The dam is currently at 55.1%, down from 55.8% last week whereas during the same period last year, the dam was floating at an impressive 70.3%.
“The drop indicates that the dam has been on a steady decline for a number of months,” said the department.
This is a stark contrast from a report which was released earlier this month that stated that dam levels across the country remain steady compared to the same period last year, with only the Eastern Cape below the 50% capacity.
The department’s spokesperson Sputnik Ratau was even quoted as saying, “the good news is that the Vaal Dam, a source of water for Gauteng’s economy, remains stable at 76.1%.”
The Vaal Dam is part of 14 dams forming part of the Integrated Vaal River System (IVRS) and is responsible for providing water to petro-chemical giant Sasol and the electricity generating company Eskom.
The IVRS has also dropped slightly from last week’s 66.4% to 66.3%, a slight difference from the 68% the dam recorded in the previous year at the same time.

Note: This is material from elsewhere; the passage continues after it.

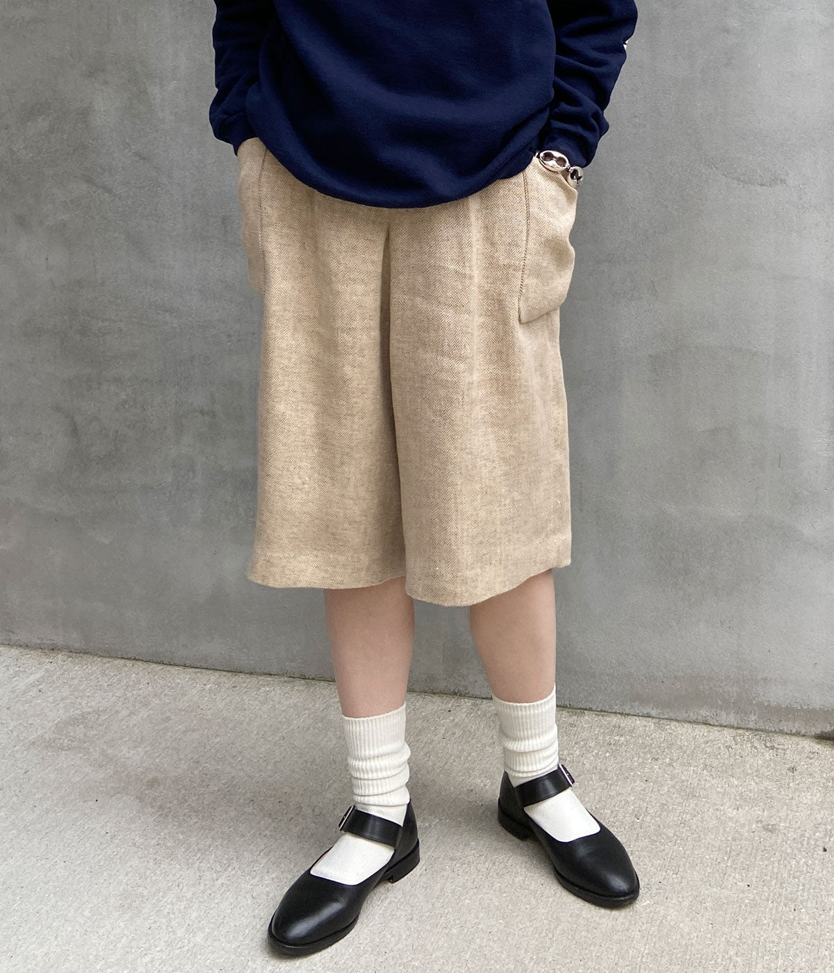 FUMIKA_UCHIDA/HEMP SUITING SHORTS(BEIGE HERRINNGBONE)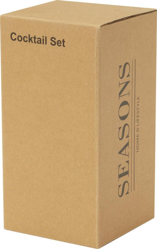 Agitador de cocktails feito de aço inoxidável reciclado, tornando-o uma alternativa mais sustentável aos agitadores de cocktails tradicionais. A utilização de um agitador de cocktails de aço inoxidável reciclado permite-lhe desfrutar dos seus cocktails favoritos, ao mesmo tempo que causa um impacto positivo no ambiente. Tamanho do agitador: 21,2 x 8,8 cm. Tamanho do medidor: 3,5 x 4,1 x 7 cm. Capacidade volumétrica do agitador: 500 ml. Capacidade volumétrica do jigger: 25 ml e 50 ml. Não adequado para máquina de lavar louça ou micro-ondas. Embalado num saco de polietileno reciclado e depois colocado numa caixa de papel kraft reciclado.

The Grootdraai Dam remained the same at 99%, recorded last week. Similarly unchanged from its last week’s levels is the Sterkfontein Dam, which is at 92.7% this week.
Both the Katse and Mohale dams continue to float at concerning levels this week.
Katse Dam levels has increased from 33.8% to 34% this week, while the Mohale Dam dropped from 13.4% last week to 13% this week.
“Given that most of the dams are either dropping or remain stagnant, the Gauteng Water and Sanitation has called on water users in the province to use water sparingly as the country moves towards to the dry winter season.
“Being alert and cautious not to use water excessively will play a key role [in] ensuring that the province does not find itself in a calamitous situation in next coming months,” concluded the department.